I was wearing a hat. And what felt like an old, starchy shirt and tie. The sleeves were rolled up to the elbows. Sunlight angled in and lit the wooden dash, then fell in interrupted stripes across my trousers. I was happy. The road was ahead, and the engine ticked as the hopeful young world sped by.
And then, without warning, as if something hot and terrible had happened, that spring sky suddenly turned jet black, the stuffy air rushed in through my nostrils and I was conscious of the sound of rain, pounding on glass, hammering the window, a thousand tiny fists desperate to burst in, to flood the car, and pull me under.
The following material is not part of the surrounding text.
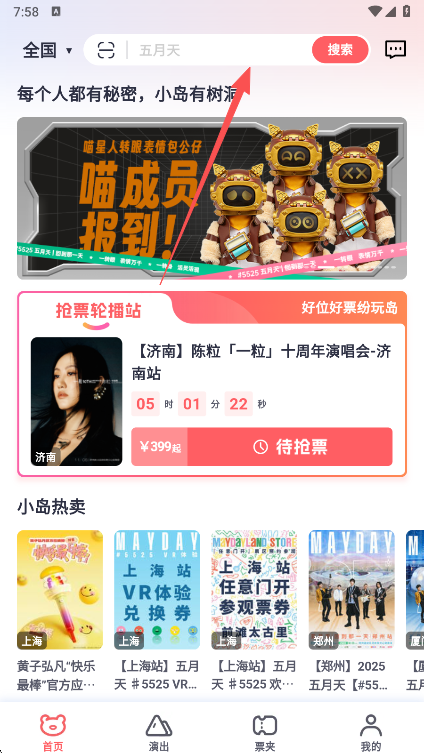 1、打开纷玩岛App后,在首页找到抢票专区,或者通过顶部的搜索框输入想要抢票的演唱会名称。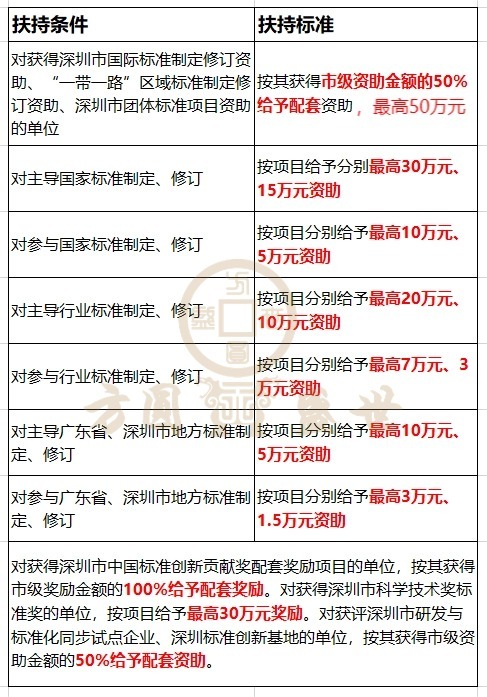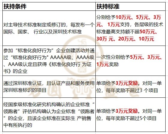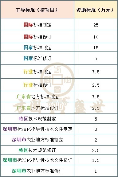 1.主导龙岗区团体标准制定,并获得深圳市打造深圳标准专项资金资助的企业或社会组织。按项目给予:1个项目8万元资助,2个项目16万元资助,最高不超过共16万元的资助。

The blackness swirled, slowly spinning and resolving into squares, perhaps a door, perhaps a towel, perhaps a coat, perhaps the early morning light of a November day, stumbling in through the windows of my father-in-law’s house. I was awake. It was autumn after all.
It took me quite a long time to properly get going today. Somehow dreams have a habit of pulling everything except your heart back into reality. My brain was limping into the morning, but my heart was somehow still in the dream.
Sammy made me porridge and a cup of tea. I’m very thankful for her; these are kind things to do for someone who can barely talk. All I had were half sentences and a few noises, all of which were in danger of sounding terribly rude. It’s one of the things I resolved to do when I stopped being a teenager - remember that sometimes the words are fully coherent and beautiful inside the head, but that they have a hard time finding their way out through the tongue. I knew I needed to remember that when I was grown up. This morning, I tried hard not to grunt.
What do you suppose that dream was about? A sort of longing for the past? A nostalgic feeling that I missed out on something? Or that I was once on a journey that was happy and hopeful, and I’m no longer on that road? Or just an odd night-time dream that’s not really supposed to mean anything?
Sammy went to work. I sat at the kitchen table, scrolling mindlessly through instagram, dangling a spoon over a bowl. The bright halogen light clashed with the angry-looking sky above the trees and houses. Pretty soon I’d need to head out there, get to our house for the day, and work. It all seems a thousand miles and a hundred years away from the sunlit dream and the morris minor.
I’m probably just exhausted to be honest. Hopefully, we’ll get to go home soon.